(Beginning of Data for analysis)
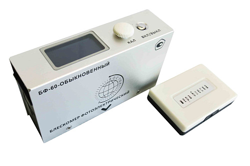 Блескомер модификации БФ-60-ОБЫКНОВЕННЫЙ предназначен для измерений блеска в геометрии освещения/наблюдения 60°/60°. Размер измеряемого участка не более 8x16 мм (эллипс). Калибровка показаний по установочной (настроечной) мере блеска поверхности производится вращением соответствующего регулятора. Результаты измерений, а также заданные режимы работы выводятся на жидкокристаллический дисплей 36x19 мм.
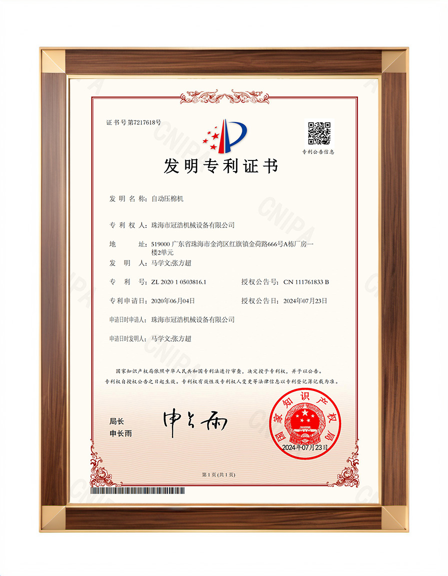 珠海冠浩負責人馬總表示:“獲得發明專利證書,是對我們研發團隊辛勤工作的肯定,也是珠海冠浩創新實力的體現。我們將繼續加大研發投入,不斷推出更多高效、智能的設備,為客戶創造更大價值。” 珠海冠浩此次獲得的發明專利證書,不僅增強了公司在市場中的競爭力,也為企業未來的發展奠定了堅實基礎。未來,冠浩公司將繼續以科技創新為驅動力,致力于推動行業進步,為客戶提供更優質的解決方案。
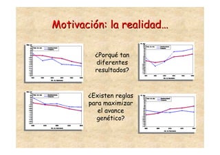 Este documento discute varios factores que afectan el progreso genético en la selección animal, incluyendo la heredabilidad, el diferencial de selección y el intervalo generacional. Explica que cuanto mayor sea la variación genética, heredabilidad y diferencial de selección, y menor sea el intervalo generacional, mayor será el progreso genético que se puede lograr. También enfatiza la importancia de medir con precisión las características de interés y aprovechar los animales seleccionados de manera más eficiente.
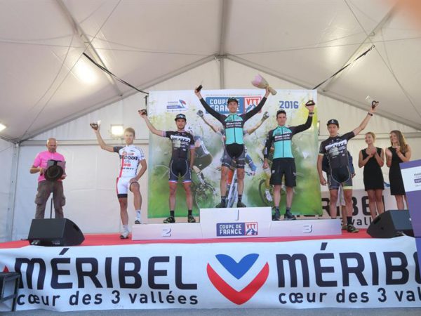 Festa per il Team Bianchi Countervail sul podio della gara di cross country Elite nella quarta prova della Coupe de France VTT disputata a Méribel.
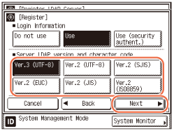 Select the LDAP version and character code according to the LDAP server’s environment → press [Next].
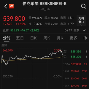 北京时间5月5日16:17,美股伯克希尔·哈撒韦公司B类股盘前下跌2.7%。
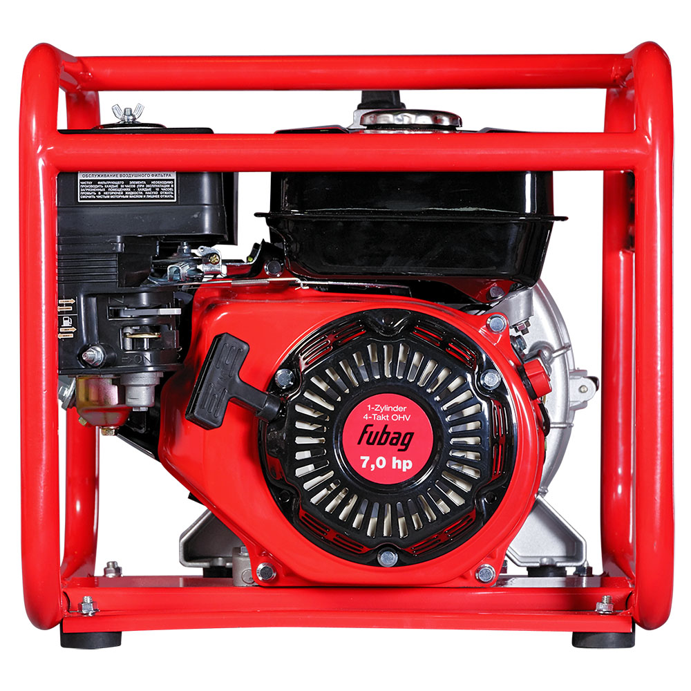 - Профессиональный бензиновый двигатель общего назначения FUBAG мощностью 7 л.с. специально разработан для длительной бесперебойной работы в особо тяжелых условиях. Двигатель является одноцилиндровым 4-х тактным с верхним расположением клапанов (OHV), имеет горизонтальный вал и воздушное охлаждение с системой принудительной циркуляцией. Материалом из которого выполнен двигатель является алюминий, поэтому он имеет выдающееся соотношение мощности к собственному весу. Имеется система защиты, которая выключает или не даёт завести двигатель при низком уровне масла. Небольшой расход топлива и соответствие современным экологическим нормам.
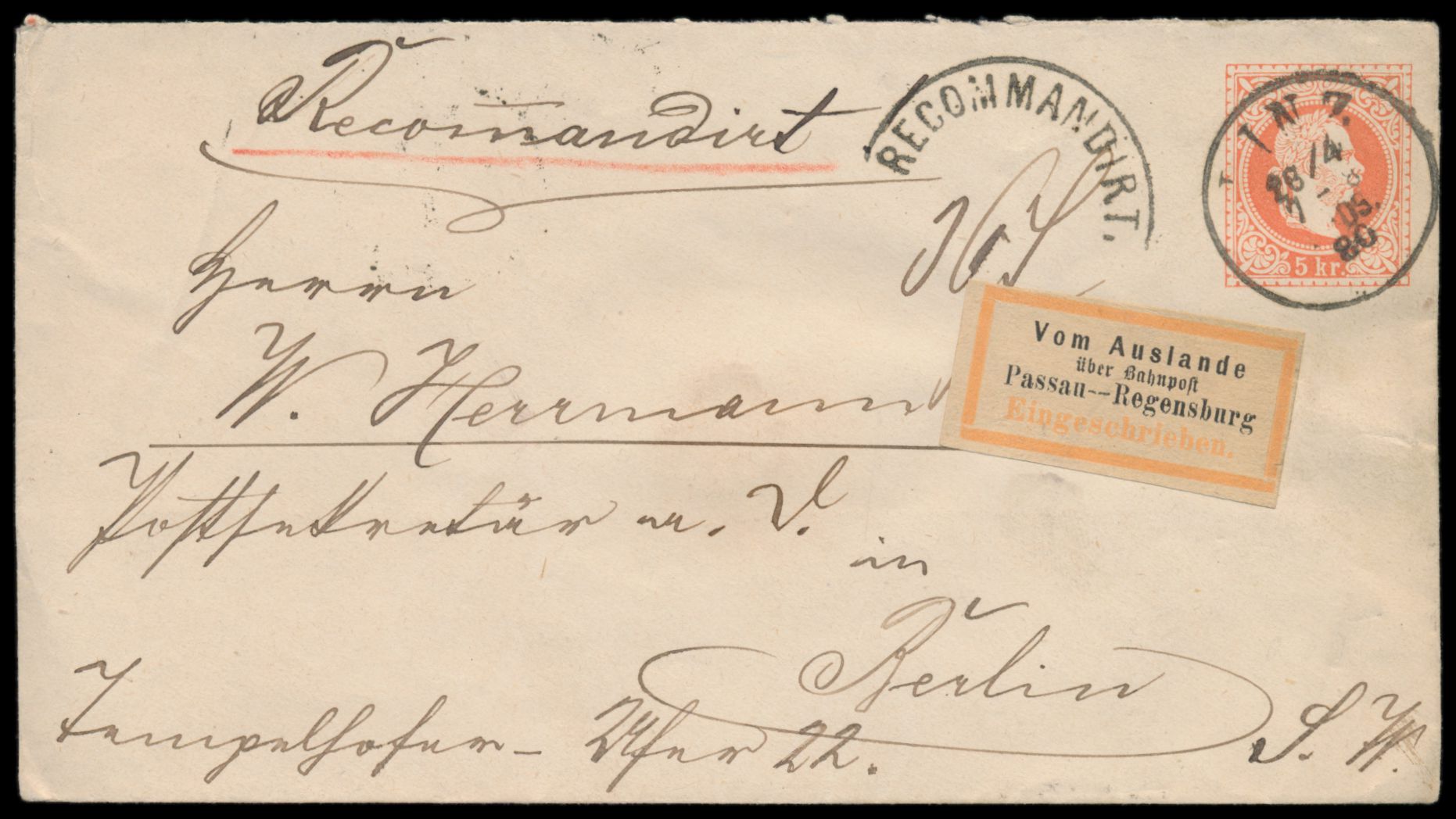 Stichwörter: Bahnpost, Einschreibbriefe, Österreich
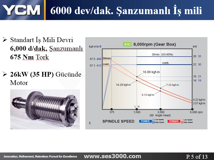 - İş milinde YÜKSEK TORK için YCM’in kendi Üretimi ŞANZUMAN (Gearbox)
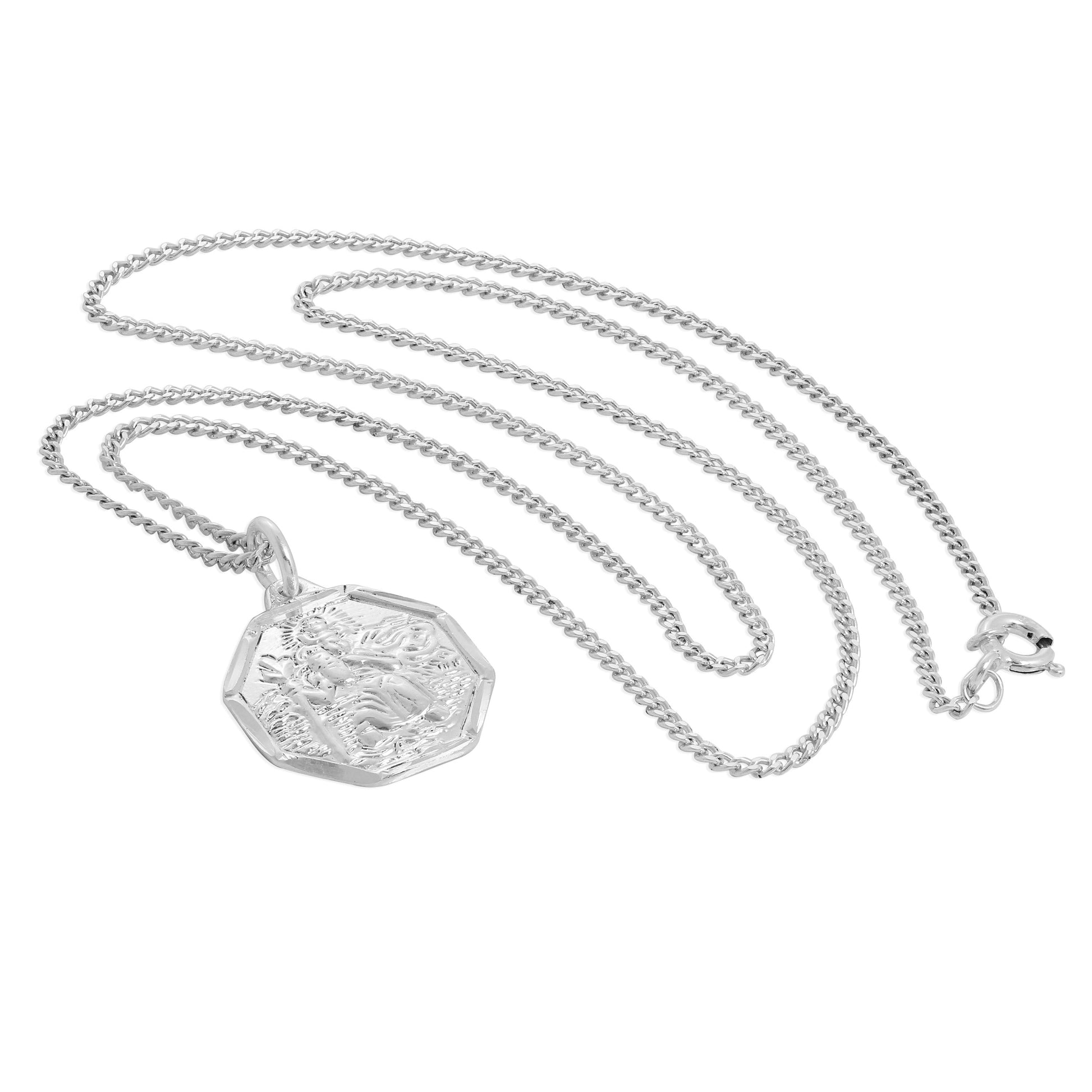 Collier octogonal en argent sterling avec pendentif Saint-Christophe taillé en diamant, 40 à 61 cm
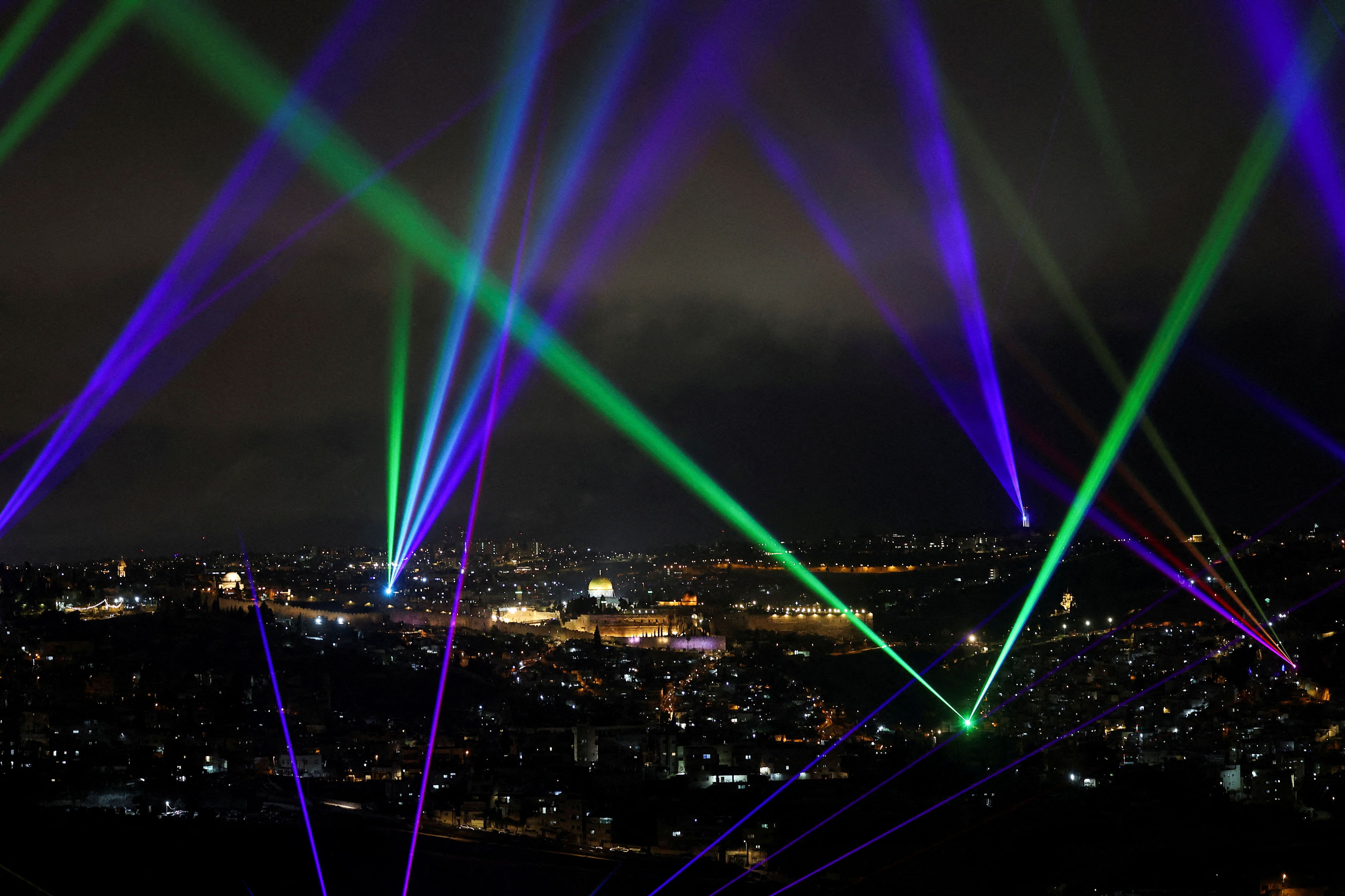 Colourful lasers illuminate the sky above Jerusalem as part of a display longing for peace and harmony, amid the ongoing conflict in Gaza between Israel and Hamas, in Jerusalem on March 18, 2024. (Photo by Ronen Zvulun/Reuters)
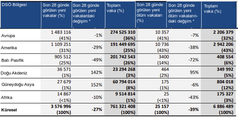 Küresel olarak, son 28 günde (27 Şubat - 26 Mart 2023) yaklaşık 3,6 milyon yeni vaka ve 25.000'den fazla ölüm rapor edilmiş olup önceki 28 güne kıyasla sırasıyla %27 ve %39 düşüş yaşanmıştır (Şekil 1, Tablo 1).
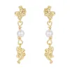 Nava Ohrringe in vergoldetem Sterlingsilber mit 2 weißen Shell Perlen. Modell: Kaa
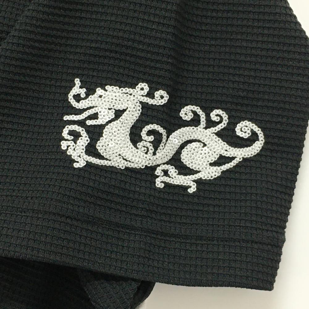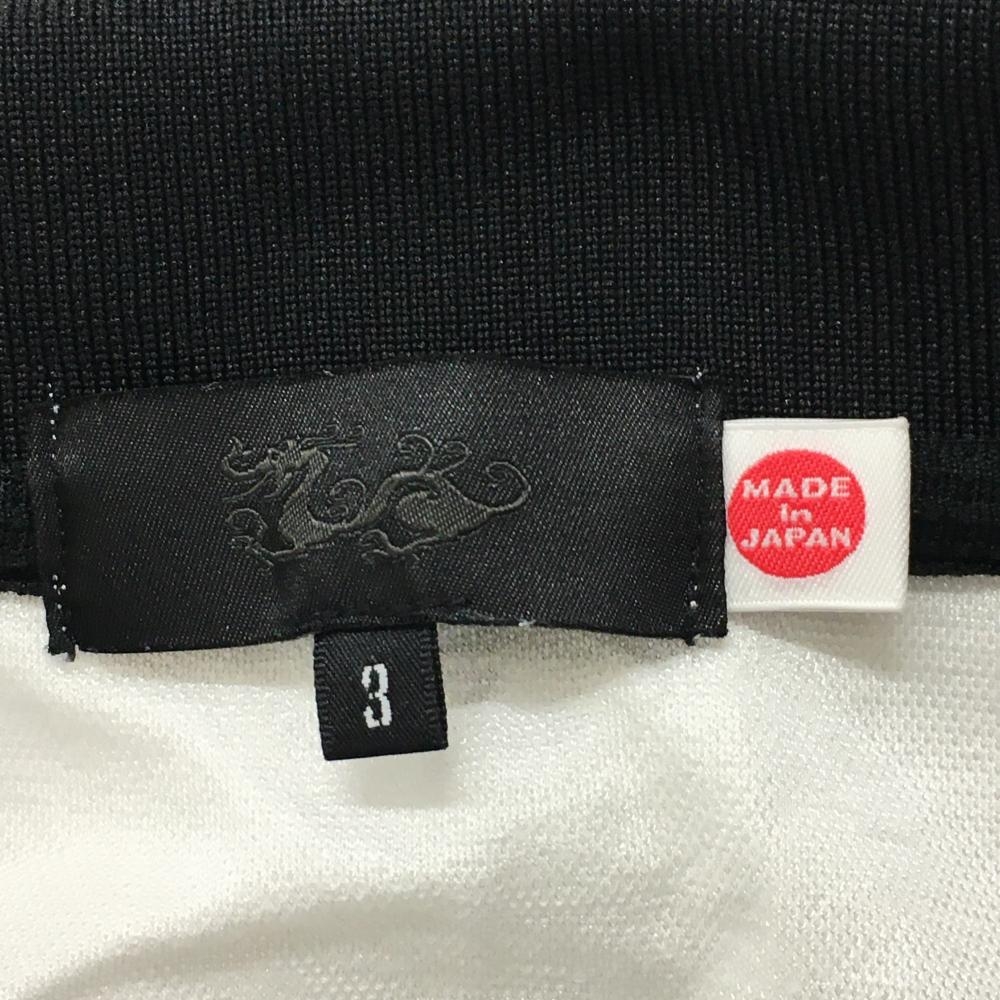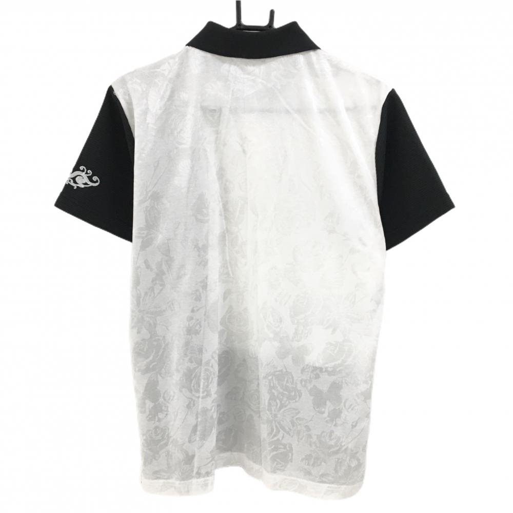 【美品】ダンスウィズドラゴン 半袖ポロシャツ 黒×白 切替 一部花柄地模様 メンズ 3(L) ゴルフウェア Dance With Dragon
(End of Data for analysis)
» **Work to complete**
Exactly as they appear above, write out all the entries, but not the images.

» **Exercise result**
 Блескомер модификации БФ-60-ОБЫКНОВЕННЫЙ предназначен для измерений блеска в геометрии освещения/наблюдения 60°/60°. Размер измеряемого участка не более 8x16 мм (эллипс). Калибровка показаний по установочной (настроечной) мере блеска поверхности производится вращением соответствующего регулятора. Результаты измерений, а также заданные режимы работы выводятся на жидкокристаллический дисплей 36x19 мм.
 珠海冠浩負責人馬總表示:“獲得發明專利證書,是對我們研發團隊辛勤工作的肯定,也是珠海冠浩創新實力的體現。我們將繼續加大研發投入,不斷推出更多高效、智能的設備,為客戶創造更大價值。” 珠海冠浩此次獲得的發明專利證書,不僅增強了公司在市場中的競爭力,也為企業未來的發展奠定了堅實基礎。未來,冠浩公司將繼續以科技創新為驅動力,致力于推動行業進步,為客戶提供更優質的解決方案。
 Este documento discute varios factores que afectan el progreso genético en la selección animal, incluyendo la heredabilidad, el diferencial de selección y el intervalo generacional. Explica que cuanto mayor sea la variación genética, heredabilidad y diferencial de selección, y menor sea el intervalo generacional, mayor será el progreso genético que se puede lograr. También enfatiza la importancia de medir con precisión las características de interés y aprovechar los animales seleccionados de manera más eficiente.
 Festa per il Team Bianchi Countervail sul podio della gara di cross country Elite nella quarta prova della Coupe de France VTT disputata a Méribel.
 Select the LDAP version and character code according to the LDAP server’s environment → press [Next].
 北京时间5月5日16:17,美股伯克希尔·哈撒韦公司B类股盘前下跌2.7%。
 - Профессиональный бензиновый двигатель общего назначения FUBAG мощностью 7 л.с. специально разработан для длительной бесперебойной работы в особо тяжелых условиях. Двигатель является одноцилиндровым 4-х тактным с верхним расположением клапанов (OHV), имеет горизонтальный вал и воздушное охлаждение с системой принудительной циркуляцией. Материалом из которого выполнен двигатель является алюминий, поэтому он имеет выдающееся соотношение мощности к собственному весу. Имеется система защиты, которая выключает или не даёт завести двигатель при низком уровне масла. Небольшой расход топлива и соответствие современным экологическим нормам.
 Stichwörter: Bahnpost, Einschreibbriefe, Österreich
 - İş milinde YÜKSEK TORK için YCM’in kendi Üretimi ŞANZUMAN (Gearbox)
 Collier octogonal en argent sterling avec pendentif Saint-Christophe taillé en diamant, 40 à 61 cm
 Colourful lasers illuminate the sky above Jerusalem as part of a display longing for peace and harmony, amid the ongoing conflict in Gaza between Israel and Hamas, in Jerusalem on March 18, 2024. (Photo by Ronen Zvulun/Reuters)
 Küresel olarak, son 28 günde (27 Şubat - 26 Mart 2023) yaklaşık 3,6 milyon yeni vaka ve 25.000'den fazla ölüm rapor edilmiş olup önceki 28 güne kıyasla sırasıyla %27 ve %39 düşüş yaşanmıştır (Şekil 1, Tablo 1).
 Nava Ohrringe in vergoldetem Sterlingsilber mit 2 weißen Shell Perlen. Modell: Kaa
 【美品】ダンスウィズドラゴン 半袖ポロシャツ 黒×白 切替 一部花柄地模様 メンズ 3(L) ゴルフウェア Dance With Dragon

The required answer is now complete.